ArrayCGH Prenatal is a diagnostic test based on comparative genomic hybridization, designed to detect gains or losses of genetic material that affect fetal development, providing essential information for diagnosis and clinical counseling.

In pregnancies with abnormalities detected by ultrasound, it has been observed that the use of array CGH can increase the genetic diagnosis rate by 5-10% compared to conventional karyotyping , providing key information for the prognosis and clinical management of the newborn.

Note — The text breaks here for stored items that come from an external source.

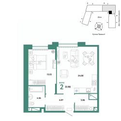 Продается 2комнатная квартира на 7 этаже от застройщика Страна Девелопмент. Площадь квартиры 51,9 кв. м.
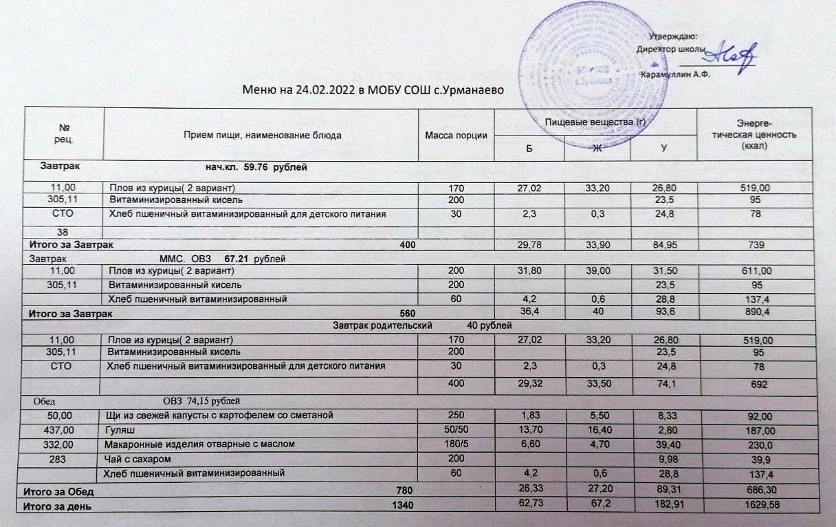 Меню на 24.11.2025
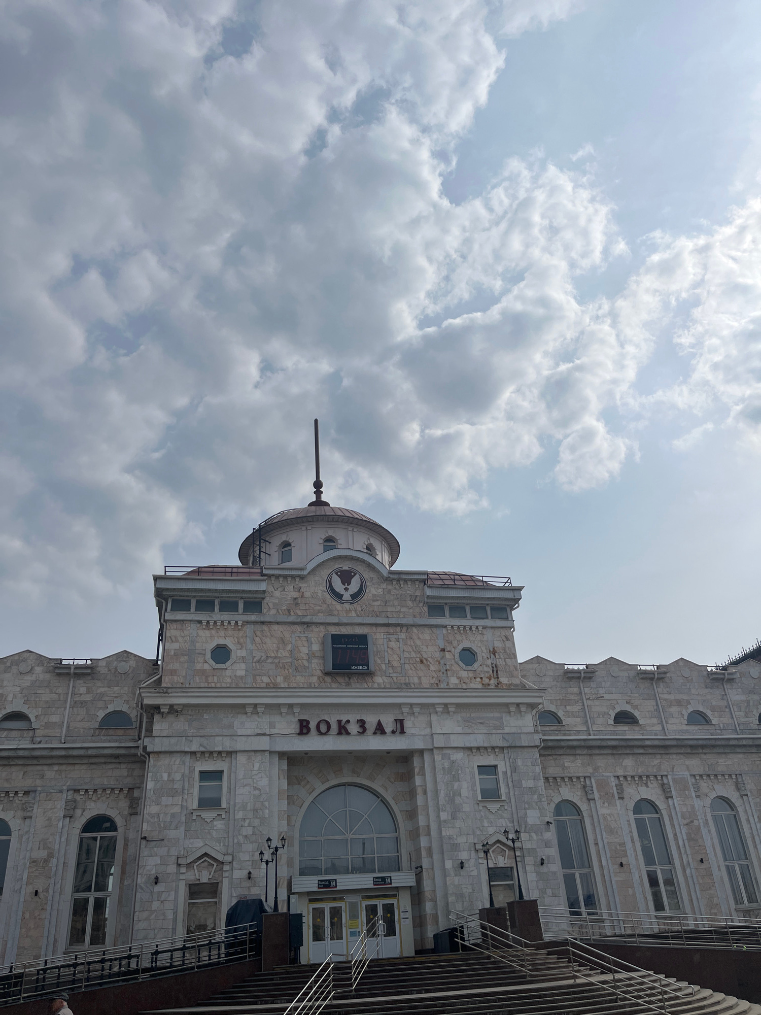 The image shows the Izhevsk railway station in Russia, viewed from a low angle, making it appear tall. The building is made of light-colored stone, with architectural details such as arched windows, s…read more
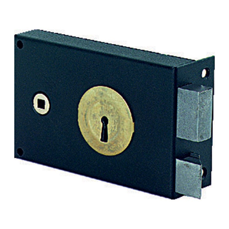 Clés 4 Gorges en acier nickelé - 24 variures, pour grilles, portails ou portillons, fonction équerre, axe : 56 mm - entraxe : 57 mm, finition : peinture époxy noire, carré : 6 mm, pêne 1/2 tour : acier zingué, saillie 21 mm, pêne dormant : acier zingué, course : 28 mm, canons : 40 mm, livrée avec gâche et vis de fixation, 2 clés (série A ou B).
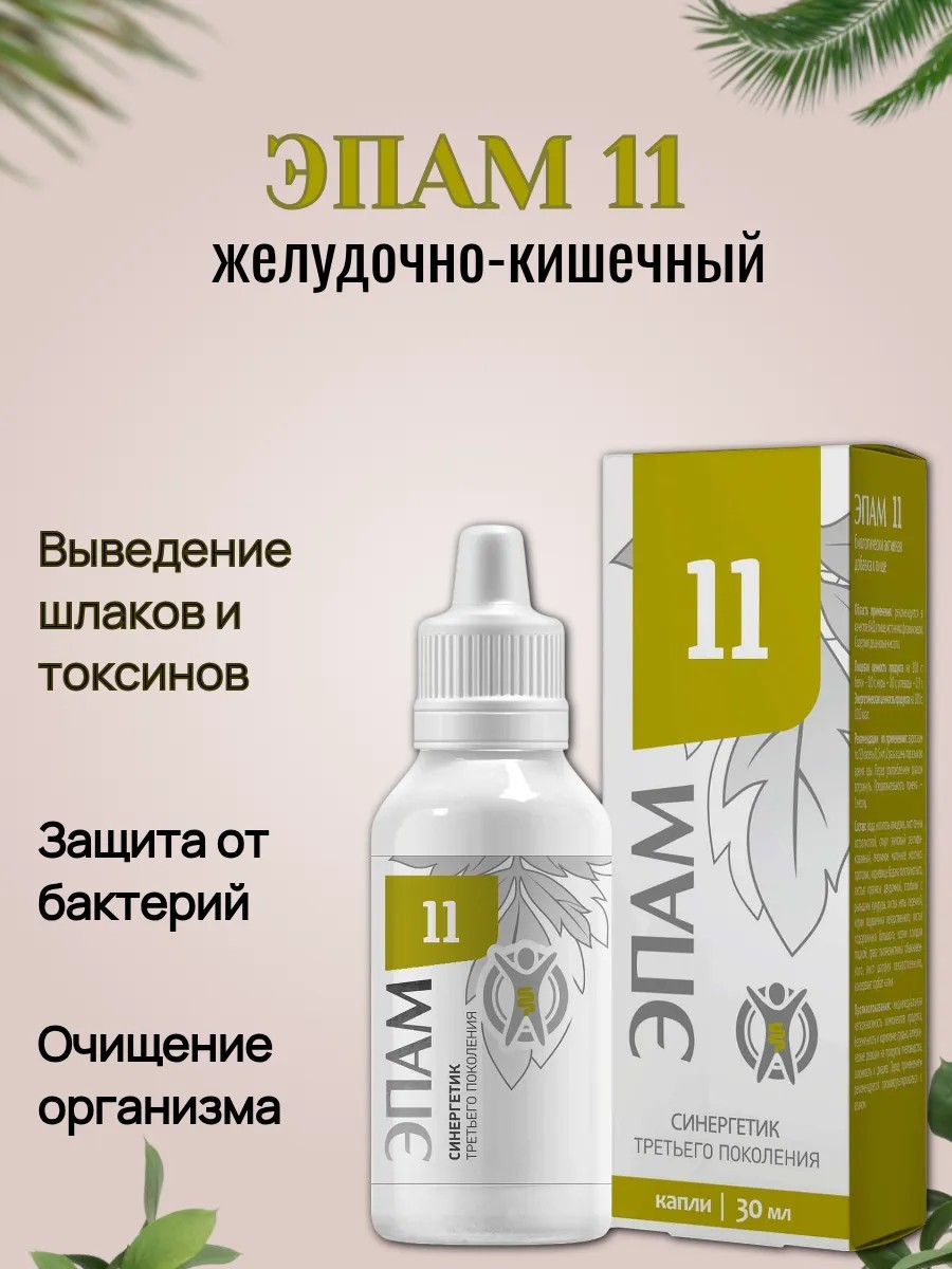 Натуральная помощь для желудка и кишечника.ЭПАМ 11 — источник активных веществ, которые благотворно влияют на работу пищеварительной системы и оказывают общеукрепляющее действие. Именно от работы желудочно-кишечного тракта зависит то, как выглядим и чувствуем себя. Натуральные компоненты ЭПАМ 11 способствуют очищению организма, выведению шлаков и токсинов. Благодаря этим свойствам ЭПАМ 11 включают в детокс-диеты и программы по снижению веса.1. **Базовый комплекс.** Сбой в работе желудочно-кишечной системы приводит к тому, что из организма не выводятся шлаки и токсины, снижается работоспособность и падает иммунитет. Пчелиное маточное молочко и прополис оказывают общеукрепляющую поддержку и тонизируют организм. Их активные вещества, деценовые кислоты, повышают иммунный статус и активируют защиту против вирусов и бактерий.2. **Направленный комплекс.** Экстракт сенны обладает мягкими слабительными и антитоксическими свойствами, благодаря чему обеспечивает очищение организма от шлаков и токсинов. Флавоноиды и глицирризиновая кислота повышают защиту органов пищеварительной системы от переедания способствуют заживлению слизистых оболочек при язвенной болезни и гастрите, обладают противовирусным и спазмолитическим действием.3. **Фоновый комплекс.** Активные вещества фонового комплекса способствуют заживление слизистой, помогая справиться с язвой и гастритом; оказывают мягкое мочегонное и слабительное действие, обеспечивая очищение организма; желчегонное, антимикробное, противовирусное и противовоспалительное действие.ПрименениеВзрослым по 10 капель (0,5 мл) 2 раза в день под язык во время еды. Перед употреблением флакон встряхнуть. Продолжительность приема ‑ 1 месяц. При необходимости прием повторить.Рекомендуется в качестве биологически активной добавки к пище, источника флавоноидов, содержащей деценовые кислоты.Противопоказания: индивидуальная непереносимость компонентов продукта, беременность и кормление грудью, аллергические реакции на продукты пчеловодства, склонность к диарее.

The test includes 60,000 probes distributed throughout the entire human genome, allowing the detection of alterations from 2 Mb throughout the genome, which implies a 10-fold increase in the resolution of conventional karyotyping. Veritas ArrayCGH Prenatal includes 124 genetic syndromes associated with intellectual disability and congenital disorders, avoiding the detection of regions of susceptibility or incomplete penetrance, which generate uncertainty. In the critical regions related to these syndromes, the resolution is 50 times greater than that of a conventional karyotype, allowing alterations of around 250 Kb to be detected.

Who is it recommended for?

• High-risk pregnancies or pregnancies with ultrasound findings, especially when multiple structural malformations are observed, intrauterine growth retardation without apparent cause, or patterns of abnormalities suggesting a genetic syndrome.
• Confirmation of results in altered karyotypes.
• Analysis of miscarriage remains in cases of recurrent pregnancy loss.